• **THE DATA**:
= Beginning of Section =

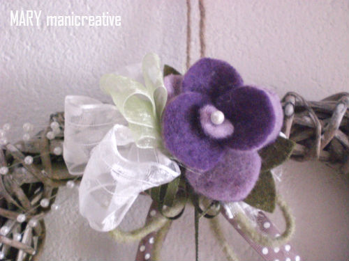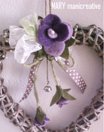 questa invece è la versione in tinta naturale con fiori viola tono su tono, creati con un feltro particolare bicolore, da una parte scuro e dall’altra chiaro. Qualche dettaglio rende il cuore un po’ più particolare e di sicuro un pezzo unico!
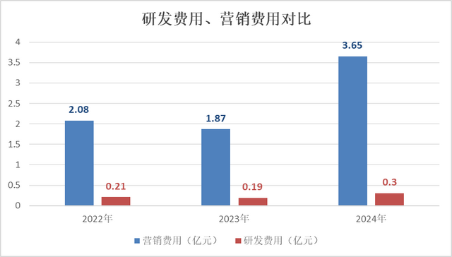 其核心矛盾在于:营销费用吞噬利润。在其成本支出上,2022年至2024年,销售及分销开支分别为5.09亿元、4.85亿元、6.88亿元,占营收的比例分别为73.7%、60.2%、56.9%。其中,公司营销费用呈增长趋势,分别为2.08亿元、1.87亿元和3.65亿元,分别占同期总营收的30.1%、23.23%和30.17%。
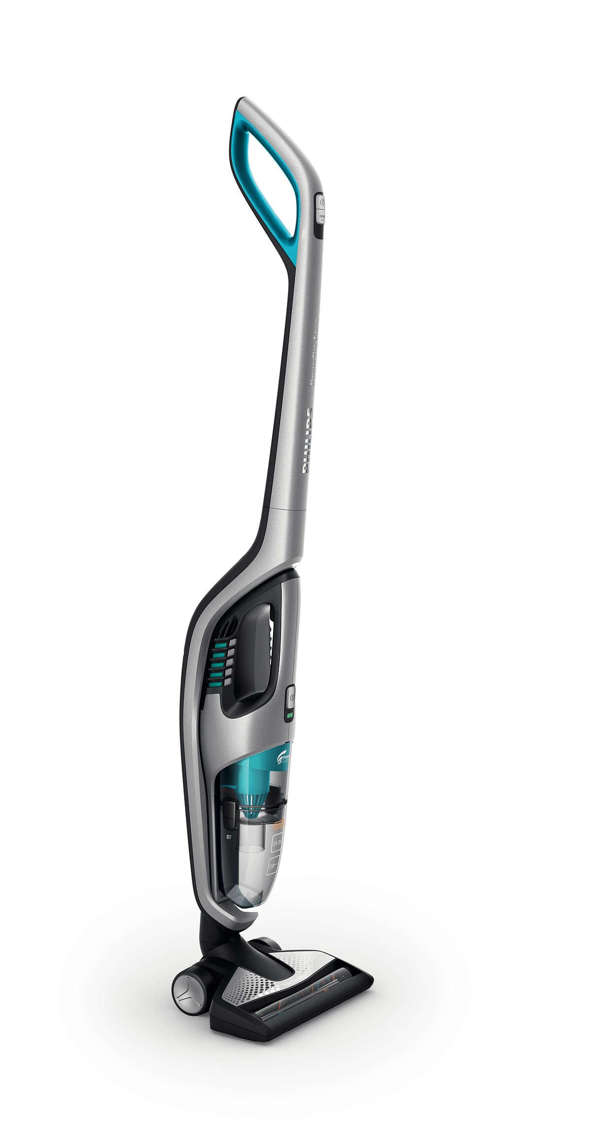S výkonným 25,2V lithium-iontovým akumulátorem můžete vysávat bez kabelu až 1 hodinu. Nabíjení je možné kdykoli, není nutné čekat na vybití akumulátoru.
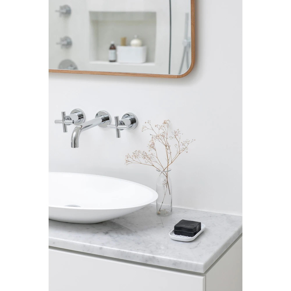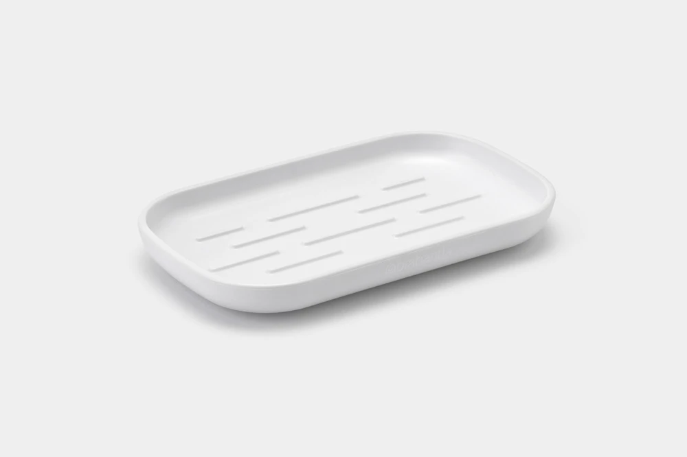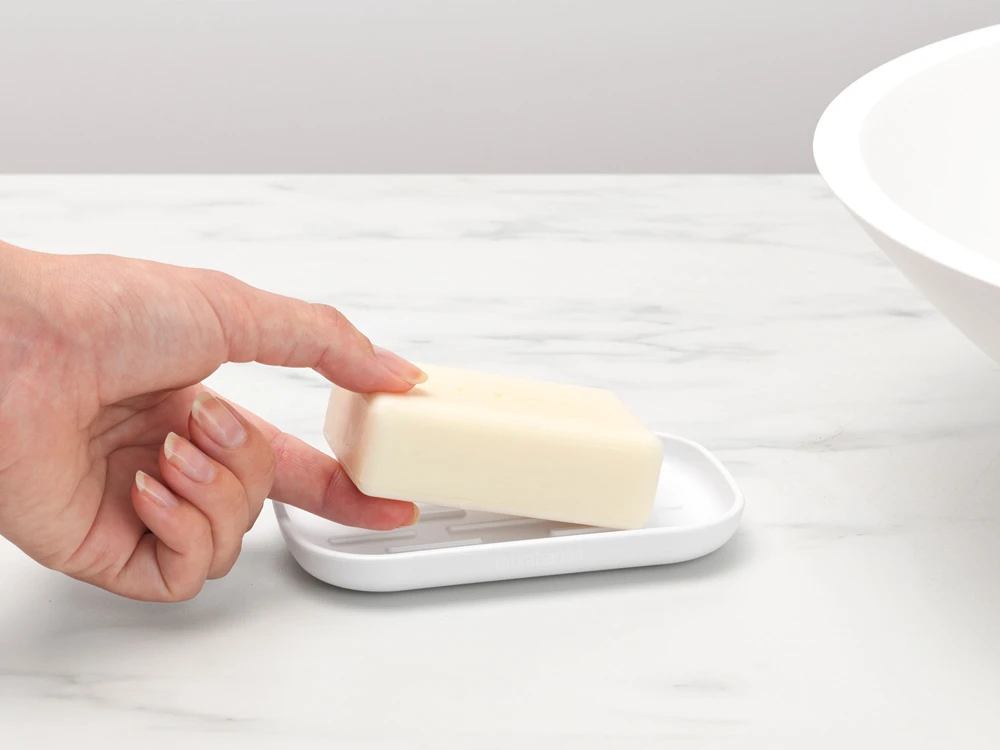 Mydelniczka ReNew marki Brabantia posiada prążkowane podłoże, zapobiegające namakaniu mydła, ponieważ ma odpowiednią wentylację i szybciej schnie. Jest wystarczająco duża, by pomieścić pełnowymiarową kostkę mydła. Dzięki antypoślizgowym nóżkom utrzymuje stabilność. Idealna do łazienki, toalety i kuchni. Wykonana z materiałów odpornych na korozję. 5 lat gwarancji

= End of Section =

Strip out the pictures and reproduce the remaining material above exactly.

 questa invece è la versione in tinta naturale con fiori viola tono su tono, creati con un feltro particolare bicolore, da una parte scuro e dall’altra chiaro. Qualche dettaglio rende il cuore un po’ più particolare e di sicuro un pezzo unico!
 其核心矛盾在于:营销费用吞噬利润。在其成本支出上,2022年至2024年,销售及分销开支分别为5.09亿元、4.85亿元、6.88亿元,占营收的比例分别为73.7%、60.2%、56.9%。其中,公司营销费用呈增长趋势,分别为2.08亿元、1.87亿元和3.65亿元,分别占同期总营收的30.1%、23.23%和30.17%。
S výkonným 25,2V lithium-iontovým akumulátorem můžete vysávat bez kabelu až 1 hodinu. Nabíjení je možné kdykoli, není nutné čekat na vybití akumulátoru.
 Mydelniczka ReNew marki Brabantia posiada prążkowane podłoże, zapobiegające namakaniu mydła, ponieważ ma odpowiednią wentylację i szybciej schnie. Jest wystarczająco duża, by pomieścić pełnowymiarową kostkę mydła. Dzięki antypoślizgowym nóżkom utrzymuje stabilność. Idealna do łazienki, toalety i kuchni. Wykonana z materiałów odpornych na korozję. 5 lat gwarancji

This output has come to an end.